> **Recorded data**
Start of Block
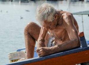 Un vecchio pescatore di Milazzo (Me) ripara la propria imbarcazione da pesca unico sostentamento economico
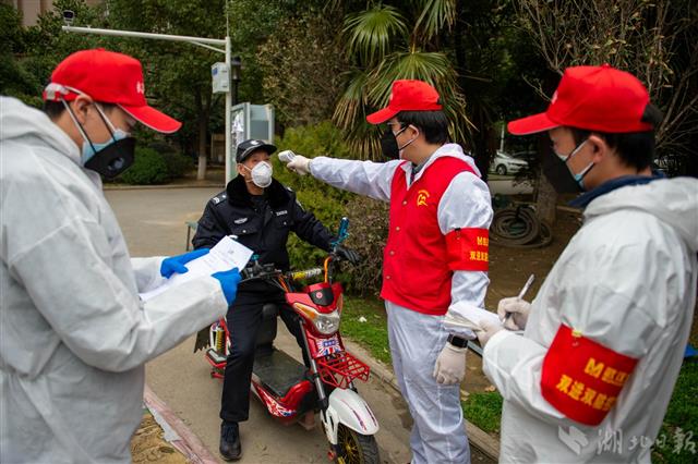 2月19日,武汉市洪山区白马洲社区,武汉地铁集团三名下沉党员杨晓明(右二)、许浩(左一)、常进(右一)为居民测量体温并登记。
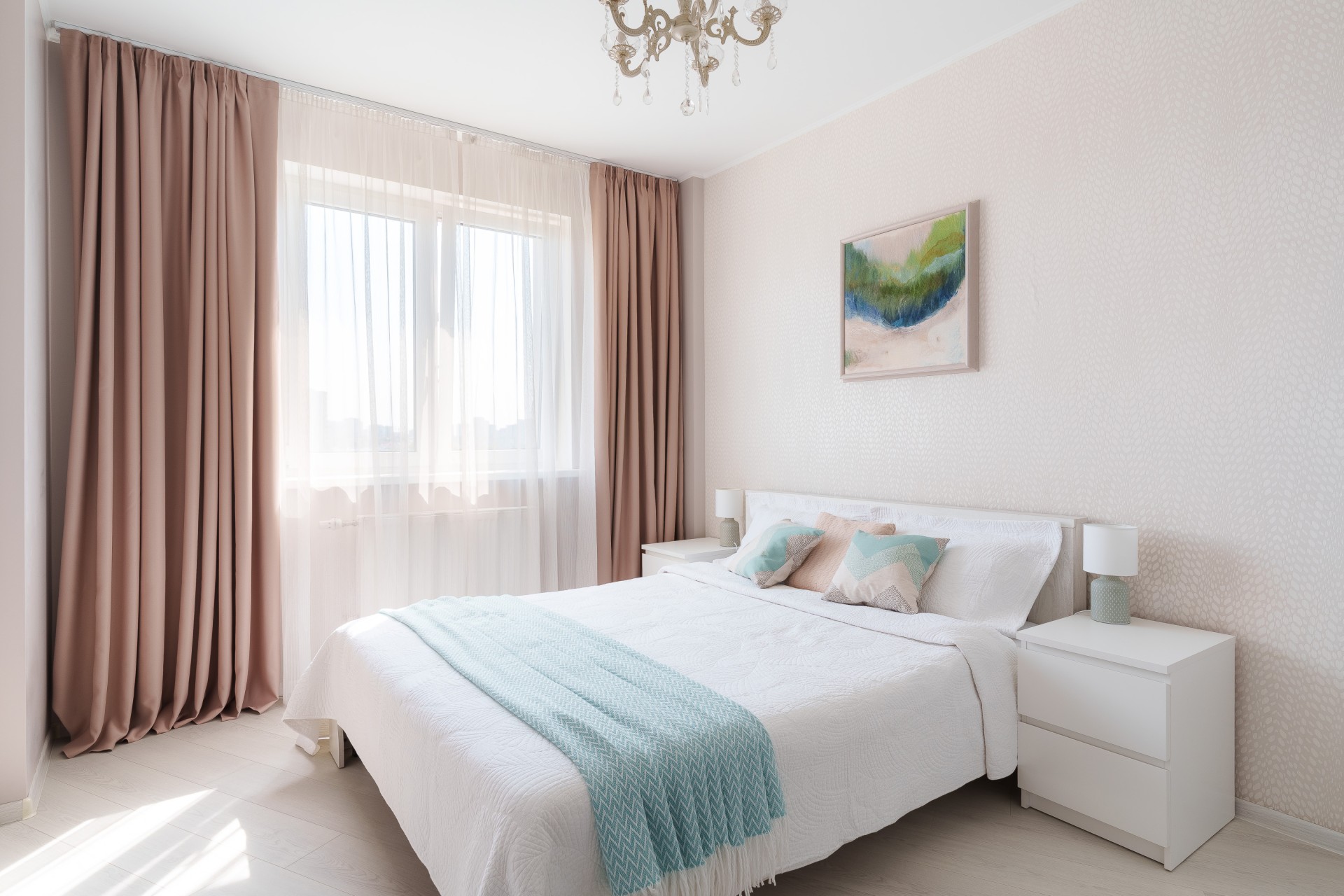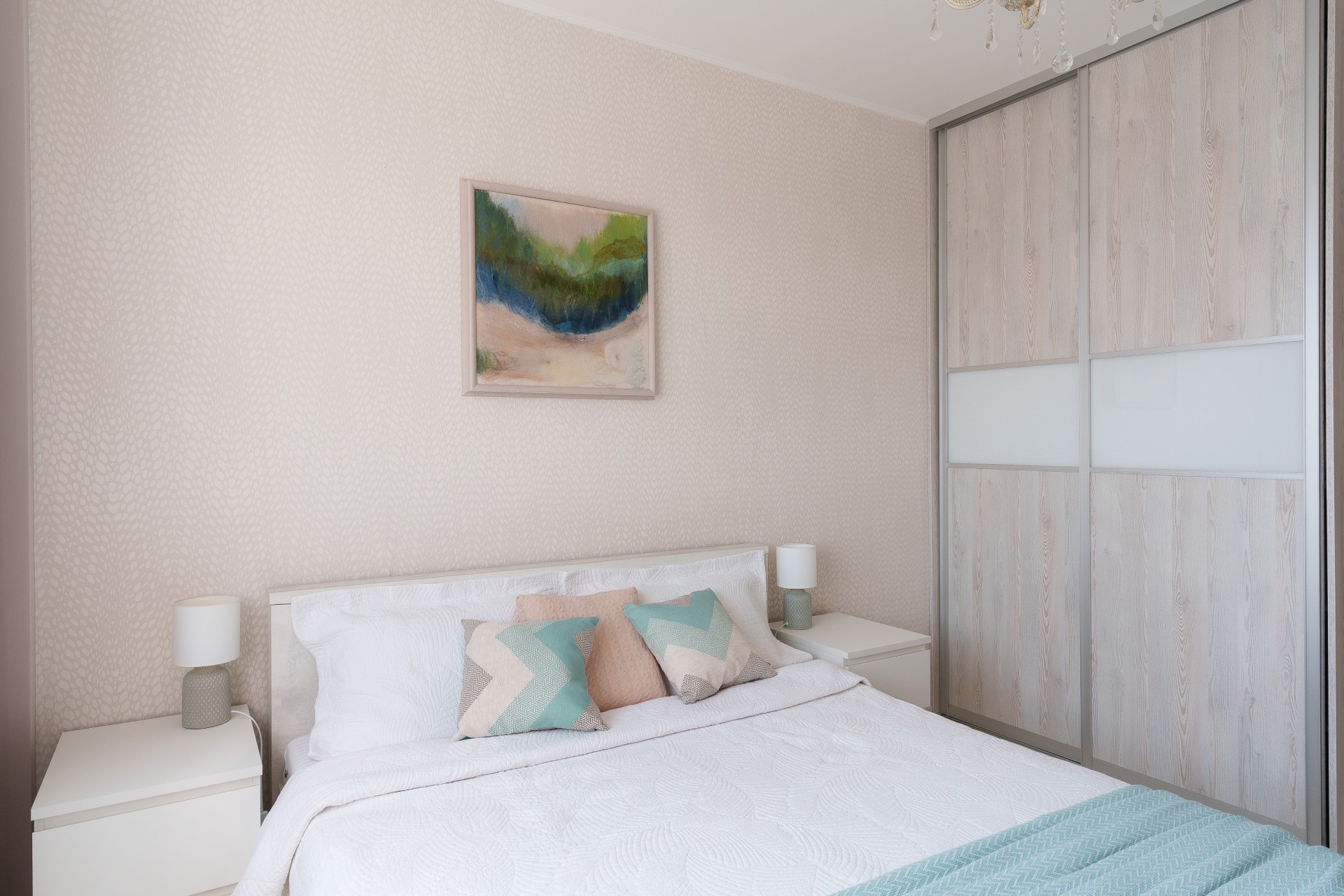В квартире есть спальня с двуспальной кроватью и в гостиной раскладной диван. Есть подушки , одеяла, постельное белье, полотенца. На кухне посуда для приготовления пищи, чайник, СВЧ, кофеварка капельная, тарелки, столовые приборы.
End of Block
> **Task prompt**
Could you retype every line above exactly as it appears, skipping the pictures?

> **Completed task**
 Un vecchio pescatore di Milazzo (Me) ripara la propria imbarcazione da pesca unico sostentamento economico
 2月19日,武汉市洪山区白马洲社区,武汉地铁集团三名下沉党员杨晓明(右二)、许浩(左一)、常进(右一)为居民测量体温并登记。
В квартире есть спальня с двуспальной кроватью и в гостиной раскладной диван. Есть подушки , одеяла, постельное белье, полотенца. На кухне посуда для приготовления пищи, чайник, СВЧ, кофеварка капельная, тарелки, столовые приборы.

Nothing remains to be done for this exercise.